An object containing clearing identifiers and/or Dynamic Inputs.

• The structure of this object depends on your enabled integrations and configured Dynamic Inputs.

• Keys must match the Dynamic Inputs defined in the Ask Clio dashboard.

• For example, when the Alpaca integration is enabled, alpaca_account_id can be passed here to enable Alpaca-specific tools.

---

Example Token Request

Note on Identity

Clearing account identifiers (such as Alpaca account IDs) are used exclusively for tool execution and must be passed via Dynamic Inputs.

Clearing identifiers should never be used as user.id when creating session tokens.

(with Alpaca integration installed)

{
  "client_id": "YOUR_CLIENT_ID",
  "client_secret": "YOUR_CLIENT_SECRET",
  "user": {
    "id": "42",
    "email": "paul@askclio.ai"
  },
  "tools_input": {
    "alpaca_account_id": "YOUR_ALPACA_ACCOUNT_ID"
  }
}

---

Example Response

{
  "token": "...",
  "expires_at": "2026-01-04T11:36:18.010627Z"
}

---

Using the Session Token (st)

The returned session token is used to open a new Ask Clio session for the user.

The token must be passed either:

• Via the SDK, or

• Directly in the URL using the st query parameter

Session token lifecycle Session tokens (st) are short-lived and single-use.

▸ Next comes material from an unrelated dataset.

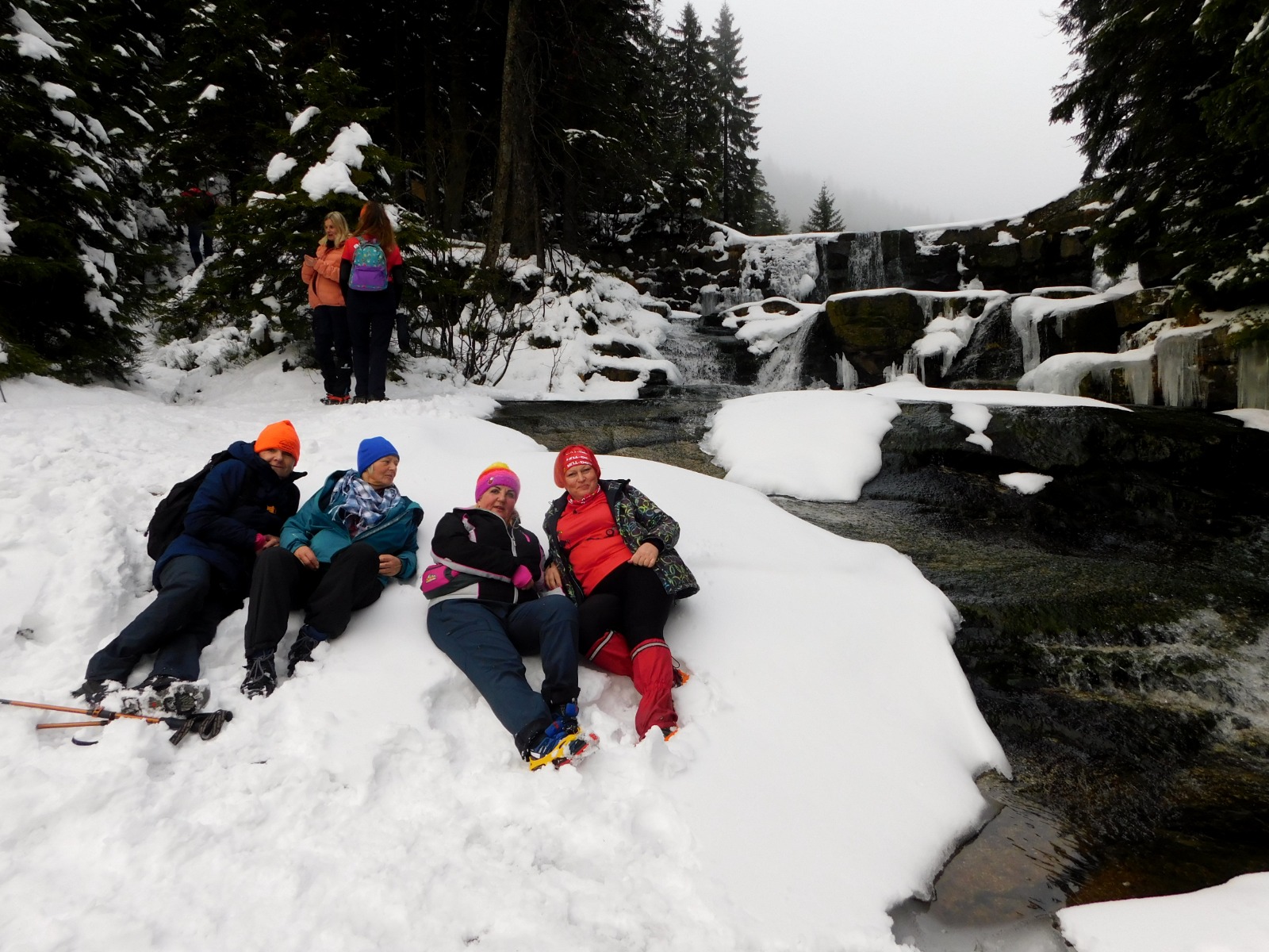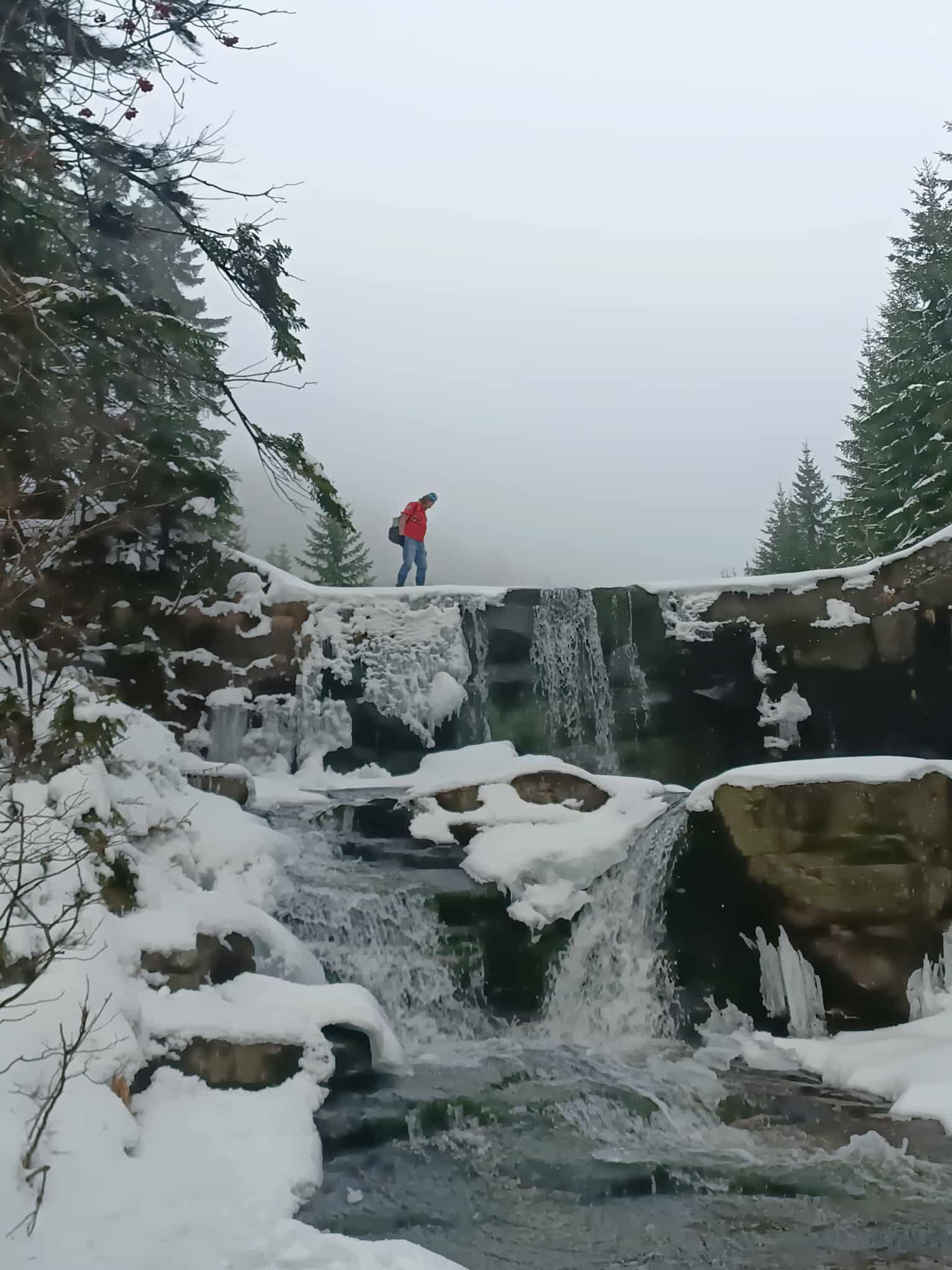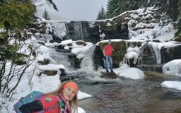 Najpierw dotarliśmy do schroniska „Odrodzenie”, gdzie zostawiliśmy cięższe plecaki i przygotowaliśmy się do pierwszej trasy. Po krótkim odpoczynku ruszyliśmy w stronę Wodospadów Białej Łaby. Zimowa aura sprawiła, że kaskady i potoki były częściowo skute lodem, tworząc przepiękne lodospady i malownicze formacje lodowe. Trasa prowadziła wzdłuż doliny, a zimowa szata Karkonoszy od razu wprowadziła nas w wyjątkowy klimat wyprawy.

A token is generated on your backend, passed to the frontend during session initialization, and consumed when the Clio session starts.

Tokens cannot be reused or swapped mid-session. If a new user context is required (e.g. after login), a new session must be initialized with a new token.

Example

https://app.askclio.ai/?client_id=<YOUR_CLIENT_ID>&st=<SESSION_TOKEN>

Security Model

• Values carried via the session token are not exposed to the LLM prompt

• They are only accessible to tools that explicitly reference them

• The token is scoped to a single session and must be regenerated per session

---

cURL Example – Create Session Token

curl --request POST \
  --url https://app.askclio.ai/api/auth/v1/client-identities/tokens \
  --header 'Content-Type: application/json' \
  --data '{
    "client_id": "<YOUR_CLIENT_ID>",
    "client_secret": "<YOUR_CLIENT_SECRET>",
    "tools_input": {
      "example": "foobar"
    },
    "user": {
      "id": "<UNIQUE_USER_ID>",
      "email": "<OPTIONAL_EMAIL>"
    }
  }'

---

Revoke Session Token (Not Yet Deployed)

curl --request DELETE \
  --url https://app.askclio.ai/api/auth/v1/client-identities/tokens \
  --header 'Content-Type: application/json' \
  --data '{
    "client_id": "<YOUR_CLIENT_ID>",
    "client_secret": "<YOUR_CLIENT_SECRET>",
    "secret_token": "<YOUR_SECRET_TOKEN>"
  }'

Example Response

HTTP 204 NO CONTENT

---

Important Security Note

Session tokens must be generated on your backend.

Do not generate or retrieve session tokens on the frontend, as this would expose sensitive credentials and increase the risk of malicious network attacks.

Recommended flow:

1. Generate the session token on your backend

2. Pass the token to your frontend

3. Initialize Ask Clio using the st query parameter or SDK

Create a Test Session

Add a client clearing ID to test the endpoints within the configuration tab.